> _TASK ITEM_: Repeat exactly the lines below that lie between the line with "历史规律显示年底行业再平衡和" and the line with "Düzce’de İl Emniyet", counting both of those lines as part of the answer.

> _EXTRACTED DATA_:
● ● ●

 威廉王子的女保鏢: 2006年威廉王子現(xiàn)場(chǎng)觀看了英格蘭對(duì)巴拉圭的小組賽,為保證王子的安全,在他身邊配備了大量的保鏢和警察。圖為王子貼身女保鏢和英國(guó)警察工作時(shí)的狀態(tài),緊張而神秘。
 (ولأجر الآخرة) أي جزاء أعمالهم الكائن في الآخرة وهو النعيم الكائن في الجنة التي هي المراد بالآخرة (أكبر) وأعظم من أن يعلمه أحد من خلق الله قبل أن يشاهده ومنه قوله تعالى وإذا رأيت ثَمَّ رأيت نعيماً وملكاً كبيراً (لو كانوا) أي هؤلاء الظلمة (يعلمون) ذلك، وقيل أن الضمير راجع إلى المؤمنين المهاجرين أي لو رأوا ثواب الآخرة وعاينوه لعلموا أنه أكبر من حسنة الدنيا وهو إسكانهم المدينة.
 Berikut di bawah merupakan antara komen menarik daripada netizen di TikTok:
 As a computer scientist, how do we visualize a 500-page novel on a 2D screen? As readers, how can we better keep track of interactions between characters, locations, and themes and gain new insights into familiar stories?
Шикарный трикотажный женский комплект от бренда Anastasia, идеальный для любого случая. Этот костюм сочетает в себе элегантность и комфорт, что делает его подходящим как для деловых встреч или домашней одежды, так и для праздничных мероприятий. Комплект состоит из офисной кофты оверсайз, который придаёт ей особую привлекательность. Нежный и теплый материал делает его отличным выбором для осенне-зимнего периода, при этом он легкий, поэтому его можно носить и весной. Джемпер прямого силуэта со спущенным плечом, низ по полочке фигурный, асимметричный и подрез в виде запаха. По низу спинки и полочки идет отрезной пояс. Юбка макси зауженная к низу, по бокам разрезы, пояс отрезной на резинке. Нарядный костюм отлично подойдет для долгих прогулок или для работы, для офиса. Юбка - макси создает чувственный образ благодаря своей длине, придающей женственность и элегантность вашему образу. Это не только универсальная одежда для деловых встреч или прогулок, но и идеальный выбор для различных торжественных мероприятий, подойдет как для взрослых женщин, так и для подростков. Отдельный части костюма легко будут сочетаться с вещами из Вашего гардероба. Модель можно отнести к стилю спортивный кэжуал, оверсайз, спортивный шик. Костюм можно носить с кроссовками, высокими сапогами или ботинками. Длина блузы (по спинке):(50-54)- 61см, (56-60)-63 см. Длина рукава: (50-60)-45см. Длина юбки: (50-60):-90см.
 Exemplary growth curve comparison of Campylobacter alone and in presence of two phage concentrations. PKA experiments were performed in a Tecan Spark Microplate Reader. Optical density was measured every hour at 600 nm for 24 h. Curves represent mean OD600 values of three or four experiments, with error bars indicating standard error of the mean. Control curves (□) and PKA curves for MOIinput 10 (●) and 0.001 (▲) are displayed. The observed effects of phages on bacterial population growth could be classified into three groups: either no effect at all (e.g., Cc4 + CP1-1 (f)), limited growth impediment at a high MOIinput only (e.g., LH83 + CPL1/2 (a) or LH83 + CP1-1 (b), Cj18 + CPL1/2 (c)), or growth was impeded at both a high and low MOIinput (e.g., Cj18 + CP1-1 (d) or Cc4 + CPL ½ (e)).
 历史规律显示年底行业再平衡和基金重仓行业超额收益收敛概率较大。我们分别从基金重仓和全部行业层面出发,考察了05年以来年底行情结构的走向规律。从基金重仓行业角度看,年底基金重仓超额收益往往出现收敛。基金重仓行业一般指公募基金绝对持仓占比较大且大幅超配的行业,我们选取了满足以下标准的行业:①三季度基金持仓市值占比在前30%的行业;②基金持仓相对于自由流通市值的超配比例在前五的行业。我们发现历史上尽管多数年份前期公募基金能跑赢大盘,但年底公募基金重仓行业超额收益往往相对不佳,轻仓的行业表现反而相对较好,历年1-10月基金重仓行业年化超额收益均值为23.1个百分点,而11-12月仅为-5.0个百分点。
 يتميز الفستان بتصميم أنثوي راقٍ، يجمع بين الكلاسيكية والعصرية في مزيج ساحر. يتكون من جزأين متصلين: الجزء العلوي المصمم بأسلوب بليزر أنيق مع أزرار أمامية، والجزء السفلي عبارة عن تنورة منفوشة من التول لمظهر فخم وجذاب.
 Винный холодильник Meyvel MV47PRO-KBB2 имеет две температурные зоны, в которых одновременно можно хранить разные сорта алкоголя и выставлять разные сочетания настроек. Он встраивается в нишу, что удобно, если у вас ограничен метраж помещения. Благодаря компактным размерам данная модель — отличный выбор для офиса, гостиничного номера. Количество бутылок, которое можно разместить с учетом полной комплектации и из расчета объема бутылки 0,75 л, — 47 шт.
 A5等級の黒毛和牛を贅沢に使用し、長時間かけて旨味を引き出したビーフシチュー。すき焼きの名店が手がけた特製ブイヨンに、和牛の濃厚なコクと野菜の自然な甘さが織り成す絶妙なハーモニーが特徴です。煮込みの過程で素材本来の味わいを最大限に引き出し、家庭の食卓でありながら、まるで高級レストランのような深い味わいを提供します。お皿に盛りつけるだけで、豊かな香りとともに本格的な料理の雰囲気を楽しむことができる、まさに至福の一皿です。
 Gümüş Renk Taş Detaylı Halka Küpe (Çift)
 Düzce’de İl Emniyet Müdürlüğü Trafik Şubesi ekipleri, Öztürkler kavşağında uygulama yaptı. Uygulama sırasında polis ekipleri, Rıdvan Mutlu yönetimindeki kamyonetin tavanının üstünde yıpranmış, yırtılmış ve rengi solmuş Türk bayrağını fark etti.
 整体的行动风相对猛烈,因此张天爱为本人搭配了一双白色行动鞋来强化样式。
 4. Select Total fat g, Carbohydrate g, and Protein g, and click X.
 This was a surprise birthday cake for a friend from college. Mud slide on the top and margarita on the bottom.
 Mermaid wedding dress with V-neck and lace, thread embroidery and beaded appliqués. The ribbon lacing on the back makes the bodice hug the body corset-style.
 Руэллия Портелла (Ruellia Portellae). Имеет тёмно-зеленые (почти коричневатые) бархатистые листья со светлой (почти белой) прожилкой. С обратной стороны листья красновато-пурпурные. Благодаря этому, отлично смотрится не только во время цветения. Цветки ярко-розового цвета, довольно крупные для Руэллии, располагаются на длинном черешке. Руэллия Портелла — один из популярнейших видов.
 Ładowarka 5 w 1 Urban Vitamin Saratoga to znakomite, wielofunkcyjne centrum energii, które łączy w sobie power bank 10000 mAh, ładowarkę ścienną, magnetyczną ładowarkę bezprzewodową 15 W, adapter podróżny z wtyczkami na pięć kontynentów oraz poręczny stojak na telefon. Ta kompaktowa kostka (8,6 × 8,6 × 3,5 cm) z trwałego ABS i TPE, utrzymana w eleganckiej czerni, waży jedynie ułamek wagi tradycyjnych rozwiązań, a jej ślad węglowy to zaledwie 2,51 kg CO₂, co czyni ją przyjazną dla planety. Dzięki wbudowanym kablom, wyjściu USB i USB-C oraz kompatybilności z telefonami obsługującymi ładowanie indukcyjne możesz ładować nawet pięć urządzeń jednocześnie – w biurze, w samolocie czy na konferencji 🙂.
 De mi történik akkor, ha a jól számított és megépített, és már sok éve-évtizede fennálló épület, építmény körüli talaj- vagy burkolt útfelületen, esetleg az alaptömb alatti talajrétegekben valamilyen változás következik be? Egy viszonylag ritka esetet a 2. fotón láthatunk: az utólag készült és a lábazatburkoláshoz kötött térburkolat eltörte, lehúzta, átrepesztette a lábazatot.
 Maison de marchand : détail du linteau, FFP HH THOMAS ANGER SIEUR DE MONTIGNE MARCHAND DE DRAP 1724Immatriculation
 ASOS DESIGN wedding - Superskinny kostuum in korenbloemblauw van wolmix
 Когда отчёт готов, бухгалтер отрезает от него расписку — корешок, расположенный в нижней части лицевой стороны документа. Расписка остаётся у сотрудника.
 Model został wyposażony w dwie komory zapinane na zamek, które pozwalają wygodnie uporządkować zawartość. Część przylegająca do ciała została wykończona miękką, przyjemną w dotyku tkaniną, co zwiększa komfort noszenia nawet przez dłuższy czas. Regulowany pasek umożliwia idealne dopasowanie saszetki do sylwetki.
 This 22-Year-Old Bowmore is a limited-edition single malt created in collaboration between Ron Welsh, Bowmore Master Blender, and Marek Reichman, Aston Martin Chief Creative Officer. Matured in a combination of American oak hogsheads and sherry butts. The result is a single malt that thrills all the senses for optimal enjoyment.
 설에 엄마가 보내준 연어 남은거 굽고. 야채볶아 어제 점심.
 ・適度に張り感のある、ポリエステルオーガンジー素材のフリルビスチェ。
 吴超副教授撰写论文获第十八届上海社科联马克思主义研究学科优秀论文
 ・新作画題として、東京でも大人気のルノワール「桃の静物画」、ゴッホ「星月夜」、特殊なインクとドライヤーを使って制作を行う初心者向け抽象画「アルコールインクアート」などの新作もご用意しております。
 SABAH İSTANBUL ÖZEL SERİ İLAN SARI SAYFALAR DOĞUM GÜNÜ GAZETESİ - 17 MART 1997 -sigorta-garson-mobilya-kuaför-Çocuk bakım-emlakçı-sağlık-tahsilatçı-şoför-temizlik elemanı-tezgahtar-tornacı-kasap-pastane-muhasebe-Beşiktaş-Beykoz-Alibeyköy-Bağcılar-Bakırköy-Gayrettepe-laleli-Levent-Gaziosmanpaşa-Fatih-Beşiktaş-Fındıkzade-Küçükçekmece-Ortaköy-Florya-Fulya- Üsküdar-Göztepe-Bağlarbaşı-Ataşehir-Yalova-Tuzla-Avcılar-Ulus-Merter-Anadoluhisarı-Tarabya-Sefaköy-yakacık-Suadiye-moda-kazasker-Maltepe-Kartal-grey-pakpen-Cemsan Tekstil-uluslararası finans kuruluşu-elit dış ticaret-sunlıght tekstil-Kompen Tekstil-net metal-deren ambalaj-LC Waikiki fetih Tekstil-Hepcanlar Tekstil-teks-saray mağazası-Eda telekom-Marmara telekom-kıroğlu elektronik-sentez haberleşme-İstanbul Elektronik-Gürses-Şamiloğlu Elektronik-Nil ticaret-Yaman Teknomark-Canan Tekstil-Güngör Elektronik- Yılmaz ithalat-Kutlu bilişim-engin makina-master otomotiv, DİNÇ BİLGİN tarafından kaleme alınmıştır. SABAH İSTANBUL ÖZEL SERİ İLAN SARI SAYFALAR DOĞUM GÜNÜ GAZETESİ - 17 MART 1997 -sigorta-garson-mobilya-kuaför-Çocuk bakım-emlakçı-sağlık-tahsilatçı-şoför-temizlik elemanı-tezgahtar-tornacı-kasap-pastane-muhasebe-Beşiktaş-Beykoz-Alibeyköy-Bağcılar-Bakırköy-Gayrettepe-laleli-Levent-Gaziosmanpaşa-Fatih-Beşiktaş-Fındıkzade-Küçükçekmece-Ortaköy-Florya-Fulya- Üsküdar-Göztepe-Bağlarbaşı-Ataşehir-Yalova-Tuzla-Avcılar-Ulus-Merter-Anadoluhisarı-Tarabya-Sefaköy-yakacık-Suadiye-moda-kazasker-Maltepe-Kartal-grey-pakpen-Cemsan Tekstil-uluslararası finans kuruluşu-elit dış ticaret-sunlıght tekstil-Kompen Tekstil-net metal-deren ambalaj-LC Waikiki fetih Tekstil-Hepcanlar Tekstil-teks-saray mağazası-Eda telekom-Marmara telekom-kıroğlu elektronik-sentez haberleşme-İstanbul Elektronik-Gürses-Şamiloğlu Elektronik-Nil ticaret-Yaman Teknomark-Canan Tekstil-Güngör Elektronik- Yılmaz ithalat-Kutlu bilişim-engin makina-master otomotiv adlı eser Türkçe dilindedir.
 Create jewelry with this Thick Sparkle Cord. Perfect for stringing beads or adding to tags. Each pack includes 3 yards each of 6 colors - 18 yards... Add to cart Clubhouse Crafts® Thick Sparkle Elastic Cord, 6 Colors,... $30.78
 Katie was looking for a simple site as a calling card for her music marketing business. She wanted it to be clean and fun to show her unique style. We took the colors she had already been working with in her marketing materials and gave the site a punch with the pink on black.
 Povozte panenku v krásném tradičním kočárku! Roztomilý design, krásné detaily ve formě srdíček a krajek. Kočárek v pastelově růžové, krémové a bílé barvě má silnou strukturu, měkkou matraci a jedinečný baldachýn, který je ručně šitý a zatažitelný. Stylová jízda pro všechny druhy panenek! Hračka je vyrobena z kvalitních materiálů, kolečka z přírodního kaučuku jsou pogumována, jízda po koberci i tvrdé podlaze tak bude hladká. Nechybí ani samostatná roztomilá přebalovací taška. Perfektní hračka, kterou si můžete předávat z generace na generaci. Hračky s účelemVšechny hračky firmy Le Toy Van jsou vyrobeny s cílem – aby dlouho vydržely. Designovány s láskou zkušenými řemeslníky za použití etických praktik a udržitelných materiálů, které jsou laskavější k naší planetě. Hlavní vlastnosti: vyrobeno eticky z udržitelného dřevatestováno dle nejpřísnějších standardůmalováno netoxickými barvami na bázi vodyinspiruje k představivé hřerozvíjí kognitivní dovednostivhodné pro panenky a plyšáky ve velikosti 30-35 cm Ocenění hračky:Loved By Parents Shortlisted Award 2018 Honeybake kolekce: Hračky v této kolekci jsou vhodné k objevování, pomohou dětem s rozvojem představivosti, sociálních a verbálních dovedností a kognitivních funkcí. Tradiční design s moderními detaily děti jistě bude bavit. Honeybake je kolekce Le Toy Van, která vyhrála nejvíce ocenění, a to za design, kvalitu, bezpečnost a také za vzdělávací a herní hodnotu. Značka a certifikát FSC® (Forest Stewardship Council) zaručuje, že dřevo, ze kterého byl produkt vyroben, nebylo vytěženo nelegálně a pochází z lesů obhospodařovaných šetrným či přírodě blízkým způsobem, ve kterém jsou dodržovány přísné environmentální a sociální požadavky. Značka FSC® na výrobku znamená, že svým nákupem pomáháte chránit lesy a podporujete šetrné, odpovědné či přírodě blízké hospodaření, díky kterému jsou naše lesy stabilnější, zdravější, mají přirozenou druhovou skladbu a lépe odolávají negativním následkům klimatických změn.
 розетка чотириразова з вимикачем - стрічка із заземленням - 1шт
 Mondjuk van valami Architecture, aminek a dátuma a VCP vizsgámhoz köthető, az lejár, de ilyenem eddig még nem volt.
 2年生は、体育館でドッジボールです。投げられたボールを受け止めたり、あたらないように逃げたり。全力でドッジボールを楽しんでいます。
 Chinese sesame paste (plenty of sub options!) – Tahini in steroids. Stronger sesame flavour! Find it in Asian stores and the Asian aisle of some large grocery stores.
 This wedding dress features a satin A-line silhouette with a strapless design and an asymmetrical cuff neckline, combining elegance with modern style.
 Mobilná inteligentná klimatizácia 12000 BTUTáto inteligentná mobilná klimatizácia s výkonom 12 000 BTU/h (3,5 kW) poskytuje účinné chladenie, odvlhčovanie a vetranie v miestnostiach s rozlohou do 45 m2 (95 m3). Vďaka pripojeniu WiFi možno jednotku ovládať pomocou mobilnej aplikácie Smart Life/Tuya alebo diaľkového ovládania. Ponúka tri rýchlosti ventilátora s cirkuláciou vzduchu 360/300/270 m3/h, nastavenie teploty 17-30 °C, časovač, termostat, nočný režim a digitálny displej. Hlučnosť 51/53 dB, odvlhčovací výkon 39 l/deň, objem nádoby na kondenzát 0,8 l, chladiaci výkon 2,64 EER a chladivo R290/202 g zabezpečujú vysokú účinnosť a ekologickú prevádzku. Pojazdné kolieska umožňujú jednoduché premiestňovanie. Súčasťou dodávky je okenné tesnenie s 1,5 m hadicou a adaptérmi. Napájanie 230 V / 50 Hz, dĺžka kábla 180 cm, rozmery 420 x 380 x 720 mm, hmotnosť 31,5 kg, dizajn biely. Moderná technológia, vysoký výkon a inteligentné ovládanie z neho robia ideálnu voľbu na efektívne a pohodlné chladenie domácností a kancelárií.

● ● ●

> _ANSWER SECTION_:
 历史规律显示年底行业再平衡和基金重仓行业超额收益收敛概率较大。我们分别从基金重仓和全部行业层面出发,考察了05年以来年底行情结构的走向规律。从基金重仓行业角度看,年底基金重仓超额收益往往出现收敛。基金重仓行业一般指公募基金绝对持仓占比较大且大幅超配的行业,我们选取了满足以下标准的行业:①三季度基金持仓市值占比在前30%的行业;②基金持仓相对于自由流通市值的超配比例在前五的行业。我们发现历史上尽管多数年份前期公募基金能跑赢大盘,但年底公募基金重仓行业超额收益往往相对不佳,轻仓的行业表现反而相对较好,历年1-10月基金重仓行业年化超额收益均值为23.1个百分点,而11-12月仅为-5.0个百分点。
 يتميز الفستان بتصميم أنثوي راقٍ، يجمع بين الكلاسيكية والعصرية في مزيج ساحر. يتكون من جزأين متصلين: الجزء العلوي المصمم بأسلوب بليزر أنيق مع أزرار أمامية، والجزء السفلي عبارة عن تنورة منفوشة من التول لمظهر فخم وجذاب.
 Винный холодильник Meyvel MV47PRO-KBB2 имеет две температурные зоны, в которых одновременно можно хранить разные сорта алкоголя и выставлять разные сочетания настроек. Он встраивается в нишу, что удобно, если у вас ограничен метраж помещения. Благодаря компактным размерам данная модель — отличный выбор для офиса, гостиничного номера. Количество бутылок, которое можно разместить с учетом полной комплектации и из расчета объема бутылки 0,75 л, — 47 шт.
 A5等級の黒毛和牛を贅沢に使用し、長時間かけて旨味を引き出したビーフシチュー。すき焼きの名店が手がけた特製ブイヨンに、和牛の濃厚なコクと野菜の自然な甘さが織り成す絶妙なハーモニーが特徴です。煮込みの過程で素材本来の味わいを最大限に引き出し、家庭の食卓でありながら、まるで高級レストランのような深い味わいを提供します。お皿に盛りつけるだけで、豊かな香りとともに本格的な料理の雰囲気を楽しむことができる、まさに至福の一皿です。
 Gümüş Renk Taş Detaylı Halka Küpe (Çift)
 Düzce’de İl Emniyet Müdürlüğü Trafik Şubesi ekipleri, Öztürkler kavşağında uygulama yaptı. Uygulama sırasında polis ekipleri, Rıdvan Mutlu yönetimindeki kamyonetin tavanının üstünde yıpranmış, yırtılmış ve rengi solmuş Türk bayrağını fark etti.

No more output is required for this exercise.